These days, companies are applying the software-as-a-service (SaaS) model to just about everything, from core business functions, including IT, to industry-specific processes. This list, compiled with the help of SaaS trend watchers and users, provides a representative look at what types of software you'll find offered in the cloud.
1. Company Name: Antenna Software
Headquarters: Jersey City, N.J.
What it offers: Mobile SaaS software and Antenna Mobility Platform (AMP) for building, deploying and managing mobile applications.
Why it's worth watching: Antenna sits at the intersection of two of today's biggest enterprise IT focal points: cloud computing and mobility. "With things getting pushed into the cloud in terms of where they're hosted, and the devices that we're using to access those applications increasingly being smartphones or tablets vs. laptops or desktops, a huge trend right now is enterprise mobility in the cloud. I'd even say that's near the top of most CIOs' to-do lists," says Justin Perreault, general partner of Commonwealth Capital Ventures, an Antenna backer. That puts Antenna in a good spot: It offers mobile SaaS software as well as an on-demand software platform for building, deploying and managing mobile applications in the cloud.

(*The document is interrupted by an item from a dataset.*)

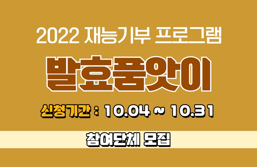 ○ 신청기간 : 2022. 10. 4.(화) ~ 10. 31.(월)/재료 및 예산 소진시 조기 마감

How it works: The Antenna Mobility Platform comprises five interconnected components: AMP Gateway, which routes and manages all transactions between the backend systems and the mobile applications; AMP Studio, a "build-once, deploy on any device" development environment; AMP Enterprise Connect, for bridging between host systems and the AMP Gateway; AMP device-side client software; and AMP Management Center, a role-based Web management application.

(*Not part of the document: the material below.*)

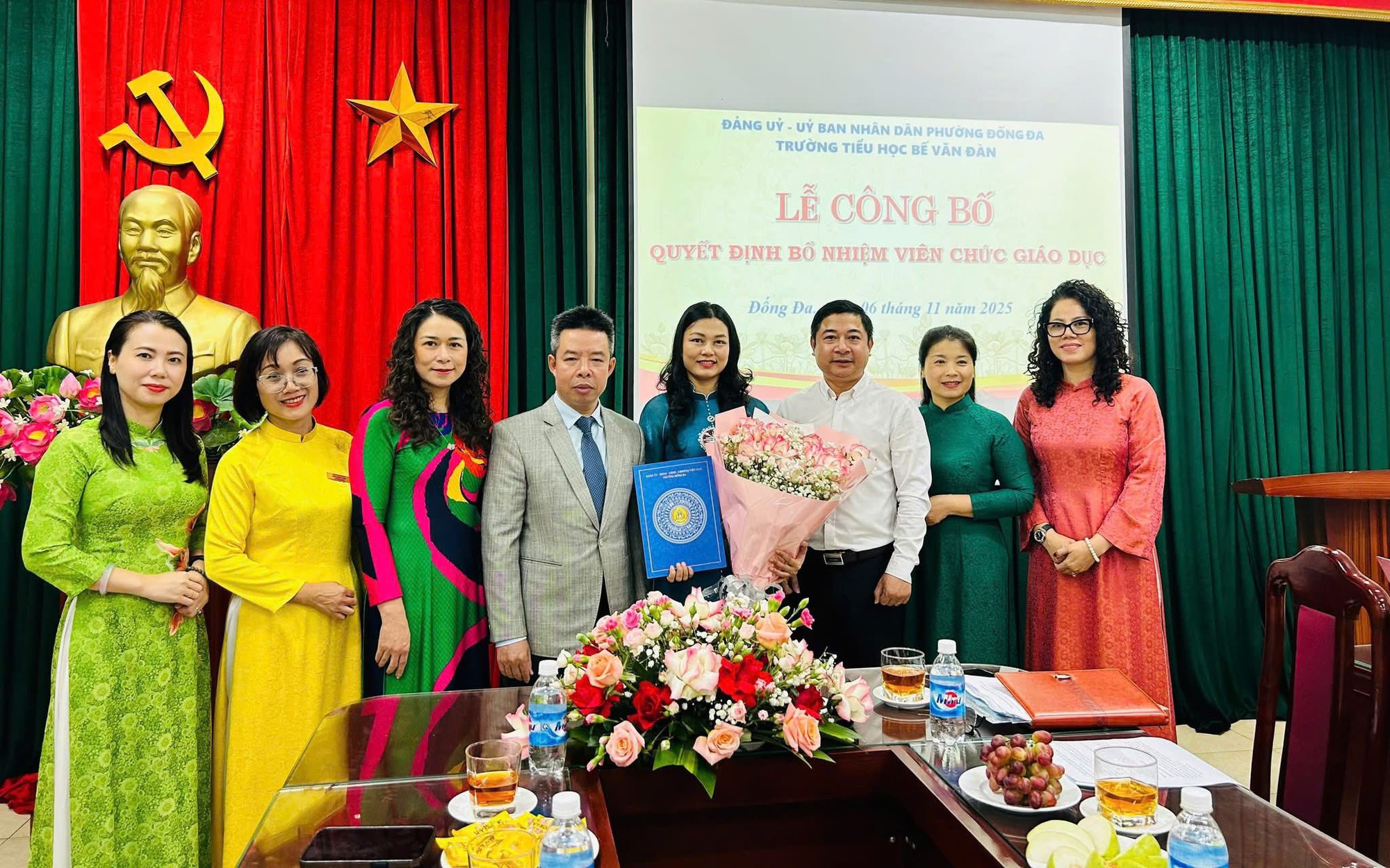 Chiều 06/11, trường Tiểu học Bế Văn Đàn tổ chức lễ đón chào Nhà giáo Đào Ngọc Hà được bổ nhiệm giữ chức vụ Phó Hiệu trưởng theo quyết định phân công cán bộ năm 2025 của UBND phường Đống Đa.

Where it resides: In the Antenna Mobile Cloud, a platform-as-a-service environment within Antenna's data centers, which the company says it runs as carrier-class network operations centers.
How much it costs: Mobile SaaS software pricing is an annual subscription fee per device for employee-facing applications and Websites, and an annual subscription price based on a range of expected users or usage for consumer-facing applications and Websites.

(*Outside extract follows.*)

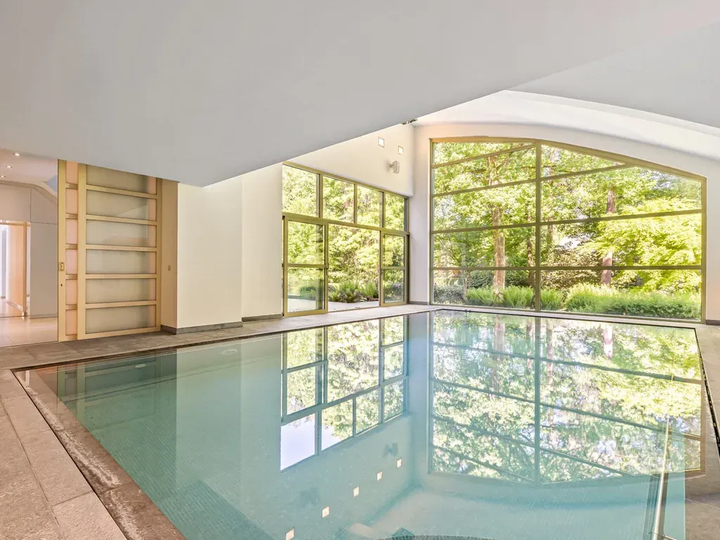 Villa onder moderne architectuur met binnenzwembad in de meest gegeerde villawijk van Schilde. In de directe omgeving zijn scholen en winkels. Bovendien heb je een vlotte verbinding met de stad en de snelweg. Volledige privacy is verzekerd dankzij een mooi aangelegde volwassen tuin.

Who's using it: Coca-Cola Enterprises, Hologic, E-Trade and Pitney Bowes, among others
2. Company name: Cloud9 Analytics
Headquarters: Redwood City, Calif.
What it offers: Pipeline Accelerator, real-time sales forecasting and pipeline management SaaS for line-of-business managers
Why it's worth watching: Despite some initial skepticism that business intelligence was too complex to tackle from a SaaS perspective, enterprise interest in BI as a service is taking off, says Jeff Kaplan, managing director of ThinkStrategies, which compiles the SaaS Showplace of providers. Among many interesting BI SaaS providers, Cloud9 is representative of those focused on moving capabilities to the edge of a company. "BI used to be this thing cloistered in the corporate headquarters because it was so complex that the information could only be filtered out to the field," Kaplan says. "What SaaS in general and Cloud9 in particular have done is make BI more readily available at the field level so frontline workers can take advantage of it and make better decisions."
How it works: Cloud9 says it has deconstructed the traditional data warehouse infrastructure and processes and instead uses a technique it calls versioned replication. With this approach, Cloud9 makes no upfront assumptions about how warehoused data will eventually be used. Instead, it manages the warehouse separately from the solutions being built on it, thus turning the data warehouse tier into the system of record of historical truth. The automated data warehouse technology comprises a replication service and proprietary data management technology called versioned database. It offers a number of advantages over a traditional relational database, such as the ability to ensure that changes are cumulative rather than destructive, the company says. Cloud9 provides proprietary and industry-standard interfaces to the database technology.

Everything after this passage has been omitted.